A portion of our production in any region may be interrupted, or shut in, from time to time for numerous reasons, including as a result of weather conditions, accidents, loss of pipeline, gathering, processing or transportation system access or capacity, field labor issues or strikes, or we might voluntarily curtail production in response to market or other conditions. If a substantial amount of our production is interrupted at the same time, it could adversely affect our cash flows and results of operations.
Downgrades in our credit ratings by various credit rating agencies could impact our access to capital and materially adversely affect our business and financial condition.
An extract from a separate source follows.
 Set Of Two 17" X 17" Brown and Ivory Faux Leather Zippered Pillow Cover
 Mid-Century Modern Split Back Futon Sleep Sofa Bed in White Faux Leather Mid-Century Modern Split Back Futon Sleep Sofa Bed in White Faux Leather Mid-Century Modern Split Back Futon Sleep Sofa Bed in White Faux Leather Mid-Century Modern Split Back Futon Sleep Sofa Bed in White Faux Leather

In February 2016, Moody’s Investors Service and Standard & Poor’s downgraded our credit ratings (“Debt Rating”). Our Debt Rating levels could have materially adverse consequences on our business and future prospects and could:
limit our ability to access debt markets, including for the purpose of refinancing our existing debt;
cause us to refinance or issue debt with less favorable terms and conditions, which debt may restrict, among other things, our ability to make any dividend distributions or repurchase shares;
negatively impact current and prospective customers’ willingness to transact business with us;
impose additional insurance, guarantee and collateral requirements;
limit our access to bank and third-party guarantees, surety bonds and letters of credit; and
cause our suppliers and financial institutions to lower or eliminate the level of credit provided through payment terms or intraday funding when dealing with us, thereby increasing the need for higher levels of cash on hand, which would decrease our ability to repay outstanding indebtedness.
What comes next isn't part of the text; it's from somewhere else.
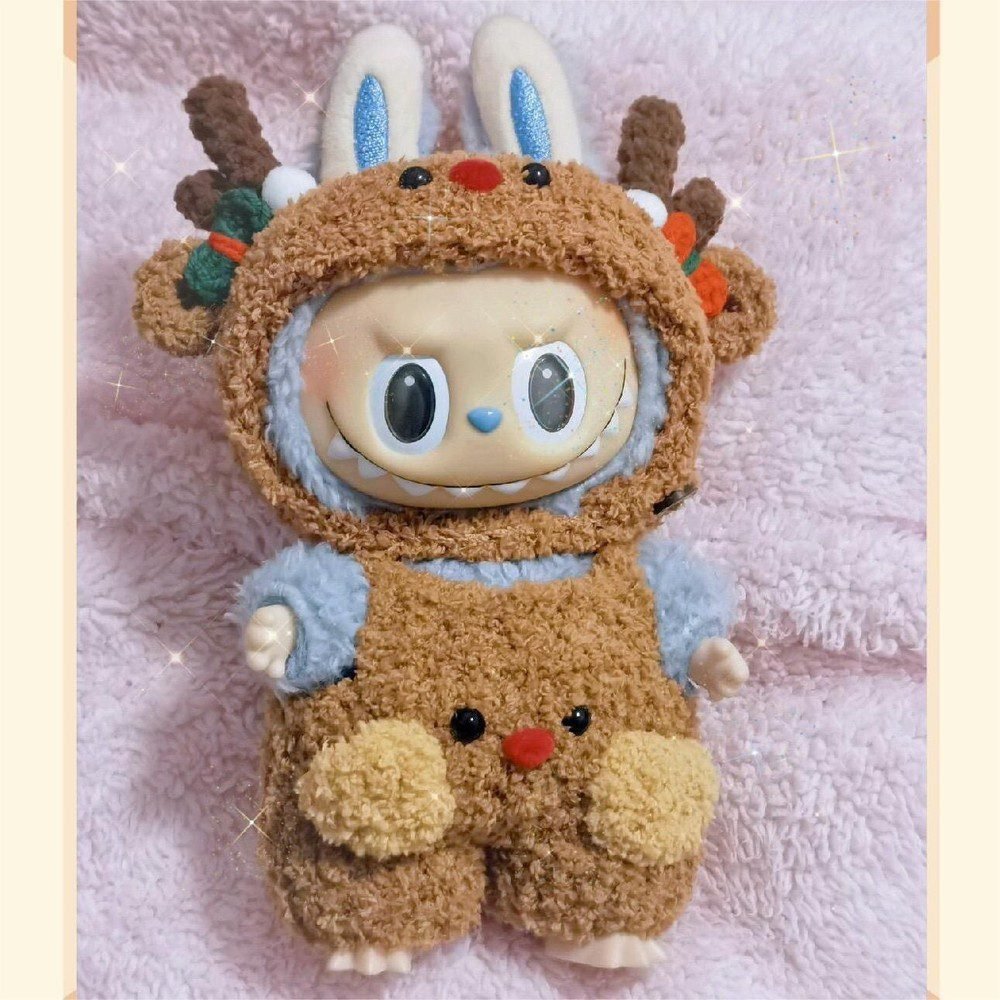 Get your Labubu doll ready for the holidays with this adorable handmade reindeer overalls set. This festive outfit features a brown reindeer-themed hooded overall with antlers, perfect for the holiday season. (Clothes only, doll not included).

We cannot provide assurance that any of our current Debt Ratings will remain in effect for any given period of time or that a Debt Rating will not be further lowered or withdrawn entirely by a rating agency if, in its judgment, circumstances warrant.
Competition in our industry is intense, and many of our competitors have greater financial, technical, and human resources than we do.
We face intense competition from major oil and gas companies, independent oil and gas exploration and production companies, and institutional and individual investors who seek oil and gas investments throughout the world, as well as the equipment, expertise, labor, and materials required to operate oil and gas properties. Many of our competitors have financial, technical, and other resources exceeding those available to us, and many oil and gas properties are sold in a competitive bidding process in which our competitors may be able and willing to pay more for exploratory and development prospects and productive properties, or in which our competitors have technological information or expertise that is not available to us to evaluate and successfully bid for properties. We may not be successful in acquiring and developing profitable properties in the face of this competition. In addition, other companies may have a greater ability to continue drilling activities during periods of low oil or gas prices and to absorb the burden of current and future governmental regulations and taxation. In addition, shortages of equipment, labor, or materials as a result of intense competition may result in increased costs or the inability to obtain those resources as needed. Our inability to compete effectively with companies in any area of our business could have a material adverse impact on our business activities, financial condition, and results of operations.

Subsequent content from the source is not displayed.